## ACTIVITY
Please give back the listing exactly, without any of its pictures.

## GIVEN INFORMATION
════════

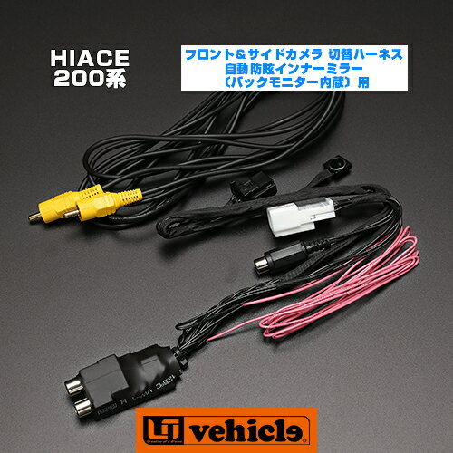 フロント/サイドカメラ切替ハーネスメーカーオプションで選択した純正のルームミラー(バックモニター内蔵自動防眩ミラー)にフロント/サイドカメラの映像を映すためのハーネスです。
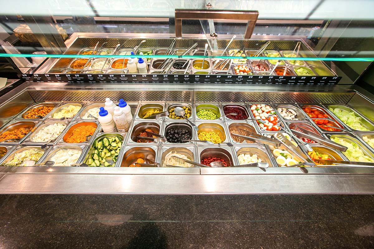 • SalatbarNutzen Sie die große Frischeauswahl an unserer Salatbar und stellen Sie sich eine köstliche Auswahl zusammen!
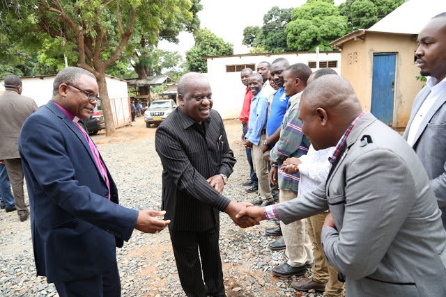 Spika wa Bunge, Mhe. Job Ndugai (wa pili kushoto) akisalimiana na Watumishi wa Ofisi kuu ya wa kanisa la Anglikana Dayosisi ya Mpwapwa alipowatembelea leo Wilayani Mpwapwa Mkoani Dodoma. Kushoto ni Askofu Mkuu Mstaafu wa Kanisa la Anglikana Tanzania, Dkt. Jacob Chimeledya

════════

## SOLVED EXERCISE
 フロント/サイドカメラ切替ハーネスメーカーオプションで選択した純正のルームミラー(バックモニター内蔵自動防眩ミラー)にフロント/サイドカメラの映像を映すためのハーネスです。
 • SalatbarNutzen Sie die große Frischeauswahl an unserer Salatbar und stellen Sie sich eine köstliche Auswahl zusammen!
 Spika wa Bunge, Mhe. Job Ndugai (wa pili kushoto) akisalimiana na Watumishi wa Ofisi kuu ya wa kanisa la Anglikana Dayosisi ya Mpwapwa alipowatembelea leo Wilayani Mpwapwa Mkoani Dodoma. Kushoto ni Askofu Mkuu Mstaafu wa Kanisa la Anglikana Tanzania, Dkt. Jacob Chimeledya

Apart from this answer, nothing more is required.